Short answer: they didn't, not any more than people and lions live together today (Elsa is an exception*).
Longer answer. I'll start with the objection.
"This doesn't work. For millions of years, dinosaurs roamed all of the earth. There were millions and billions of dinosaurs all over the continents, even on modern Antarctica, back then there would have been no place in the world where you could live without bumping into a dinosaur!"
OK, do you have evidence for that claim?
First, I'd like to note, not all of the dinos were dangerous, and technically, some dangerous creatures featured in dinosaur books weren't dinosaurs (Dimetrodon, Pterodactylus, Mososaurus ...). Have a look at these guys whom I salvaged from a google site now down, onto a blog of mine:
- Bradysaurus 2.5 to 3 m, a pretty big thing, but given the angle of the legs, probably moved somewhat slowly. Think of it like meeting a giant turtle in a fantasy novel.
- Hipposaurus boonstrai Skull length: 21 cm, Length: 1.2 m ... bigger than a dog (except a Great Dane), would reach you to the knees. Not the best guy to make angry, if you can avoid it, but probably not the worst threat to your life either.
- Pareiasaurus serridens 2.5 m. A plant eater.
Now, the other thing is, Young Earth Creationism means, most dinosaurs we find, perhaps all of them (outside cryptozoology), were buried in the Flood. A pretty recent Flood. We have a fair sample of things that lived on land back then, the three fellers I linked to being from South Africa and probably all from some part of Karroo. Border Cave is post-Flood, but pre-Flood caves like Sibudu Cave, Klasies River Caves, some layers of Wonderwerk Cave are all a fair distance from Karroo. And seem to have no dinos associated with them.

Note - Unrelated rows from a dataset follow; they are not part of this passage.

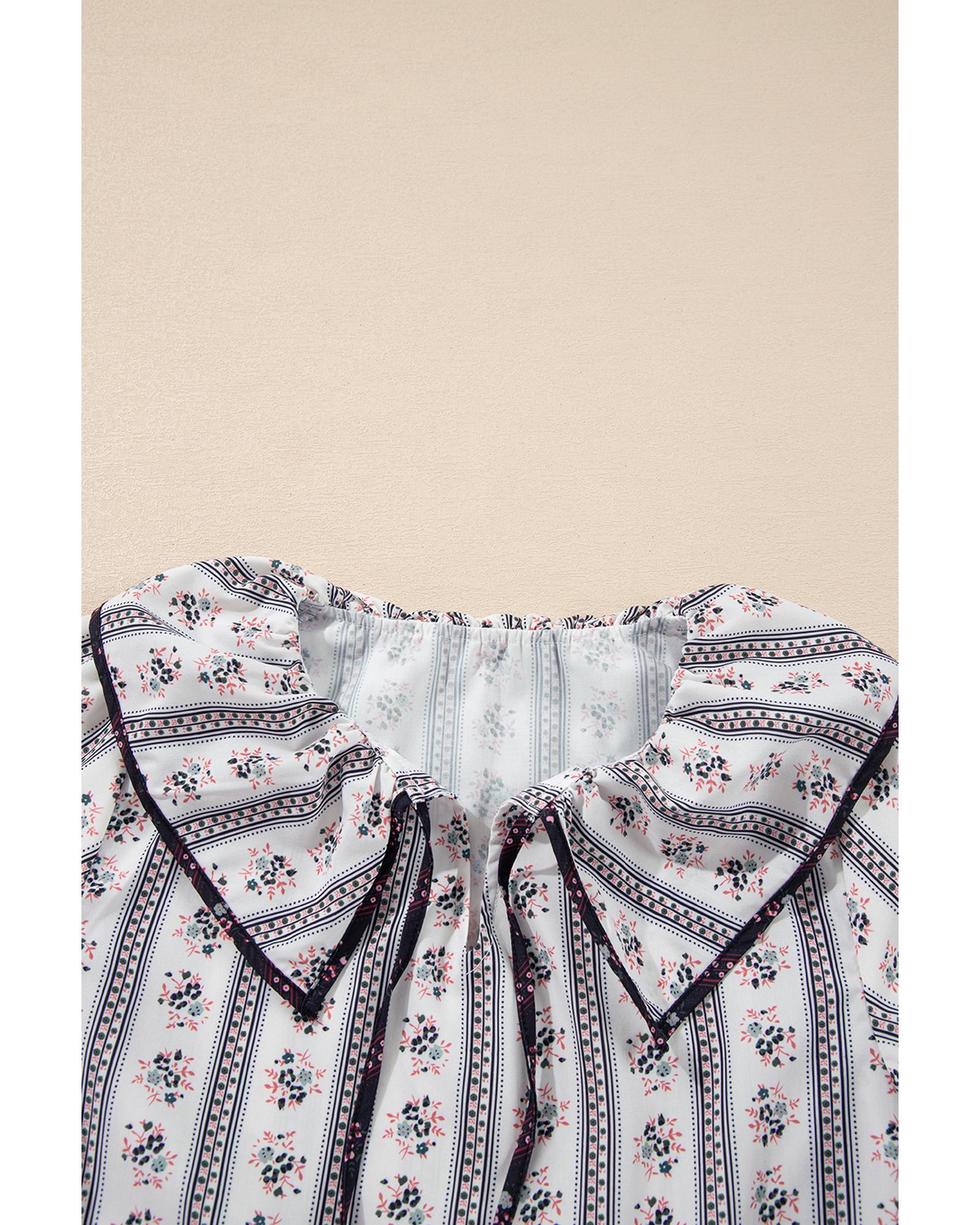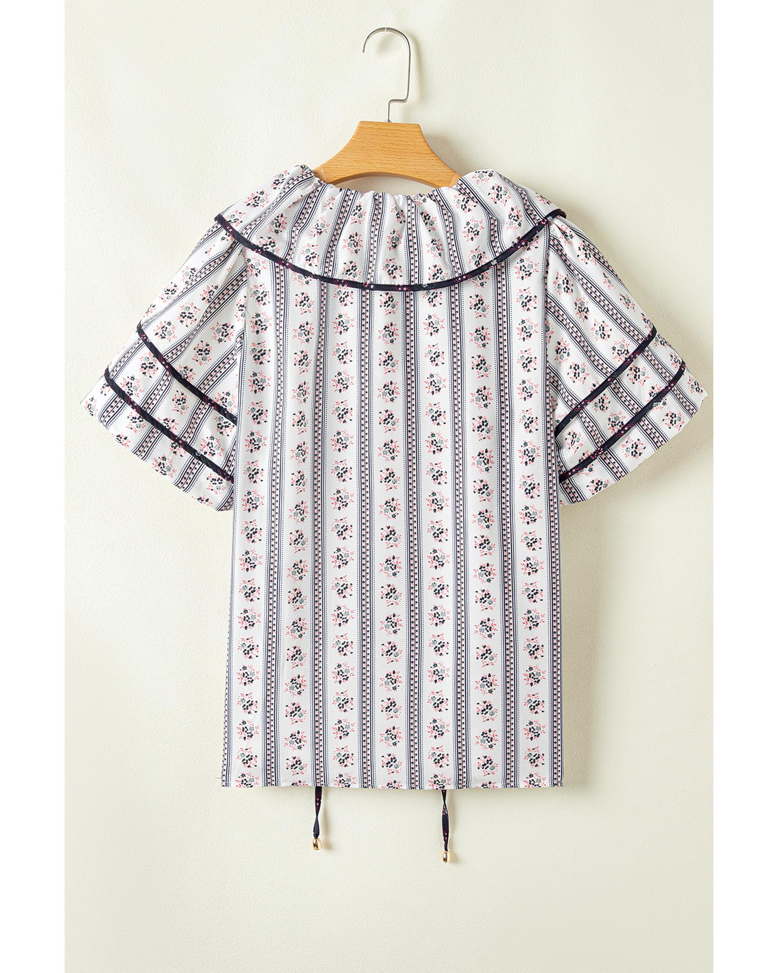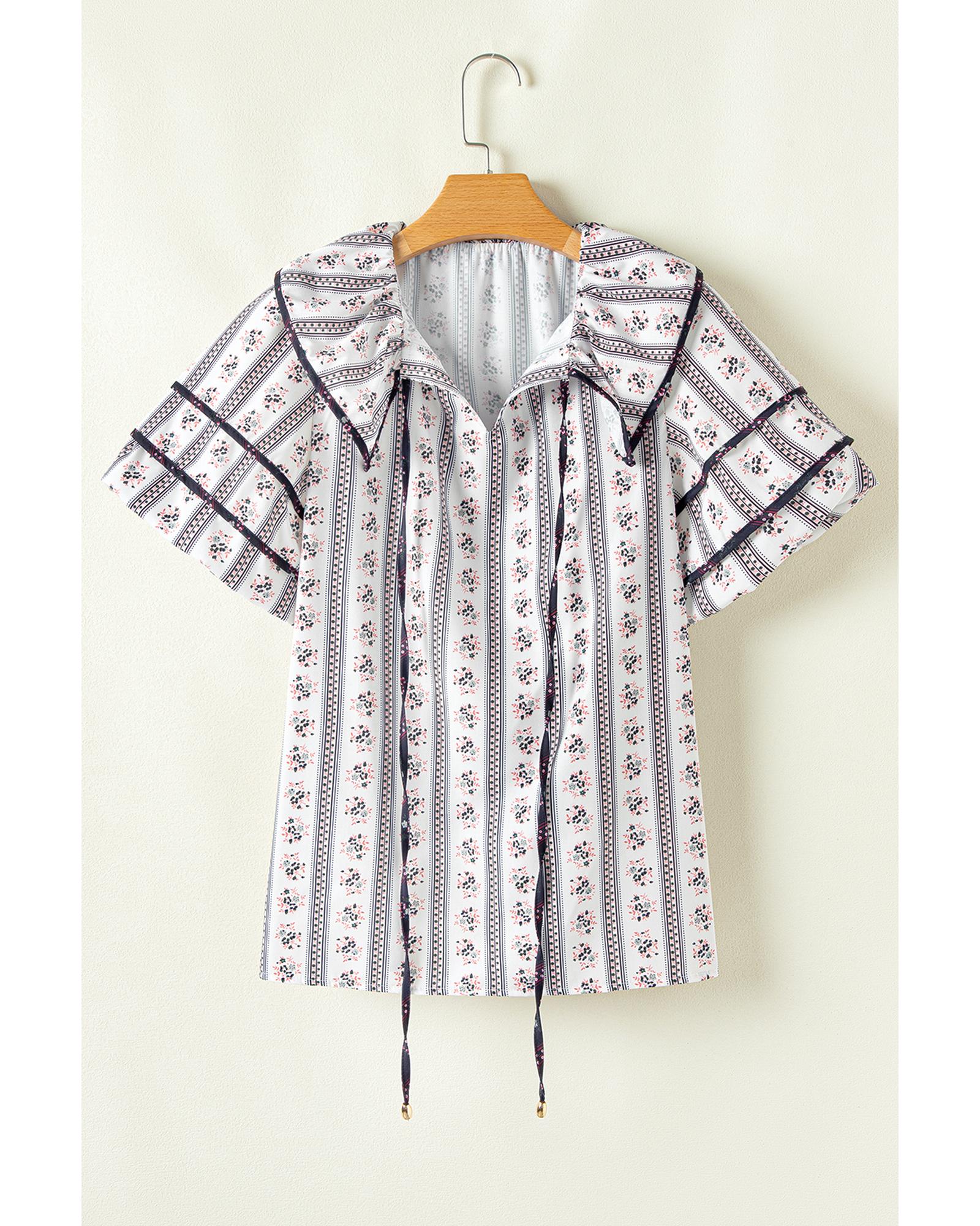 This white floral printed blouse features a ruffled collar and short puff sleeves, offering a stylish and elegant appearance. The contrast hem detail adds a unique touch to the overall design, making it suitable for various occasions.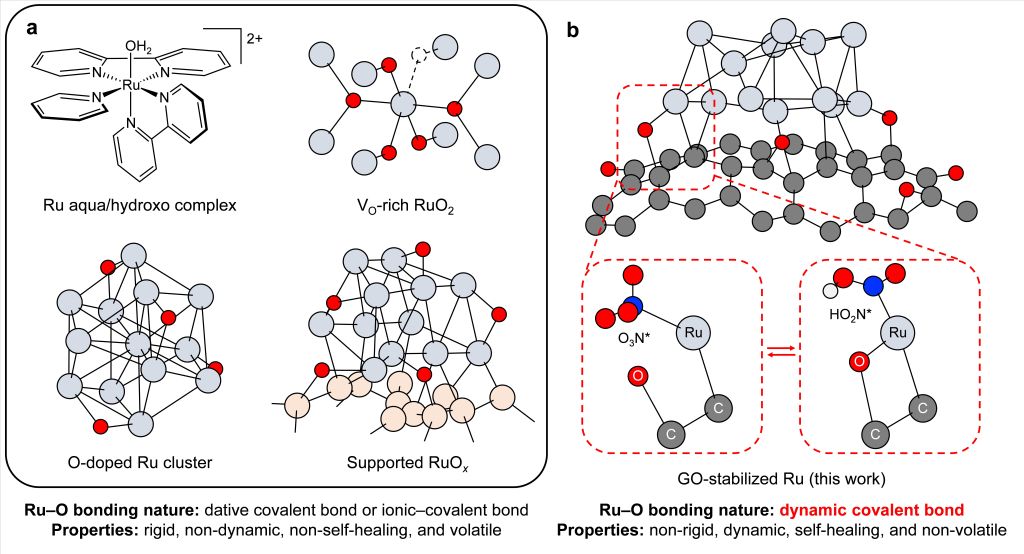 该团队设计了一种介于氧化石墨烯(GO)和支撑过渡金属(TM)之间的非刚性金属−氧键。其中纳米尺度的钌(Ru)分散在GO上,另一个二维材料MXene用于补偿GO的低电导率。GO片作为“微米级”配体通过氧化基团(主要是环氧和羟基)与TM结合。当过渡金属纳米颗粒沉积到石墨烯氧化物上时,便可形成非刚性TM–O键,牢固地限制在TM/石墨烯氧化物界面上。含氧基团能够根据反应动态与过渡金属发生关联和解离,与游离氧和羟基配体的不可逆迁移形成对比。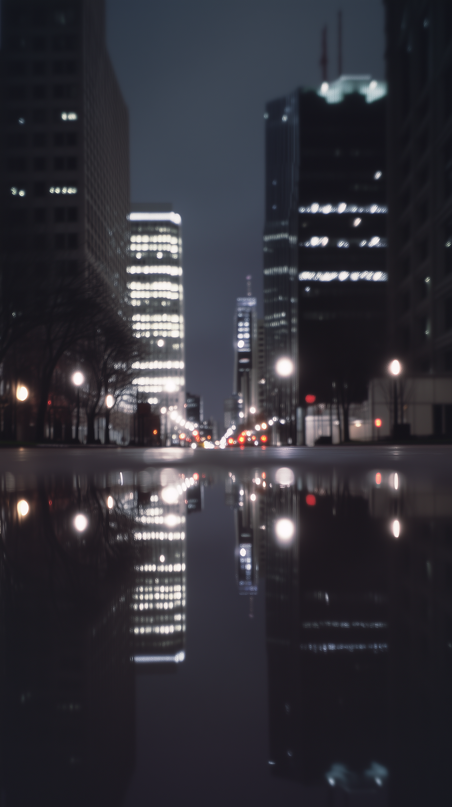 A serene city street at night with glowing skyscrapers and reflections on a wet surface, creating a symmetrical and tranquil urban view.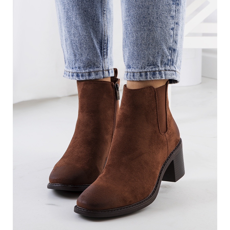 Luiza brown high heels - elegance and comfort for cooler days. The classic cut with a rounded nose and a stable post (6.5 cm) perfectly shapes the figure, and suede ecological leather in the shade of Brown gives the sophisticated character styling. The boots reach for the ankle (height approx. 17 cm) and are insulated with soft fur, which guarantees thermal comfort in the autumn/winter season.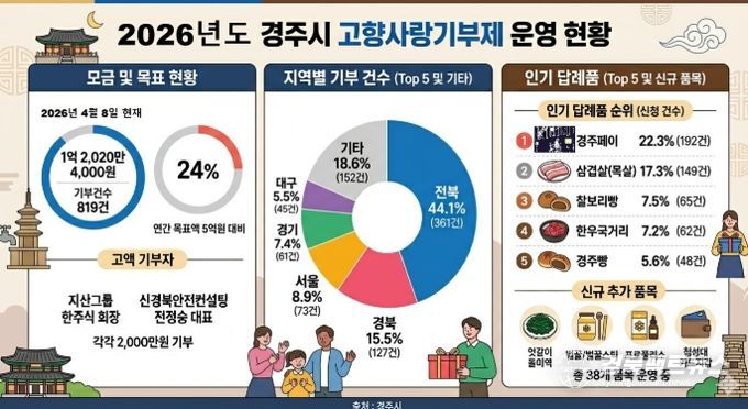 최혁준 경주시장 권한대행은 “고향사랑기부제는 지역과 기부자가 상생하는 제도”라며 “기부 참여 확대와 답례품 다양화를 통해 지역경제 활성화에 기여하겠다”고 말했다.

"But come on, there are millions of fossils we've found!"
According to Slate**, no:
There are currently about 3,000 so-called “full” dinosaur specimens—complete or near-complete skeletons or just a complete or near-complete skull—in museums around the United States
...
The United States, China, and Argentina have especially numerous fossil deposits, followed by Canada, England, and Mongolia. (China and Argentina have proved especially fertile as of late. Since 1990, there has been a 132 percent and 165 percent increase in genera discovery in these two countries, respectively.) These six countries account for 75 percent of the world’s dinosaur finds. Australia, Europe, and Africa are less fertile.
So, if the US has only 3000 full skeleta of dinos, and if this is matched by very few other countries, which cover a restricted area of our earth where God put us, and put our pre-Flood ancestors and their neighbours, I think there was actually a good chance of living in the pre-Flood world without bumping into a dangerous dinosaur, or even an uncomfortable one, like possibly the Pareiosaurus was.
Hans Georg Lundahl
Paris
St. Alfonsus Maria Liguori
2.VIII.2025
* The generic of that song has maybe something to say about a bad idea of Mr. Trump's, hope he changes his mind ...
** Here is the link:
Will we ever run out of dinosaur bones?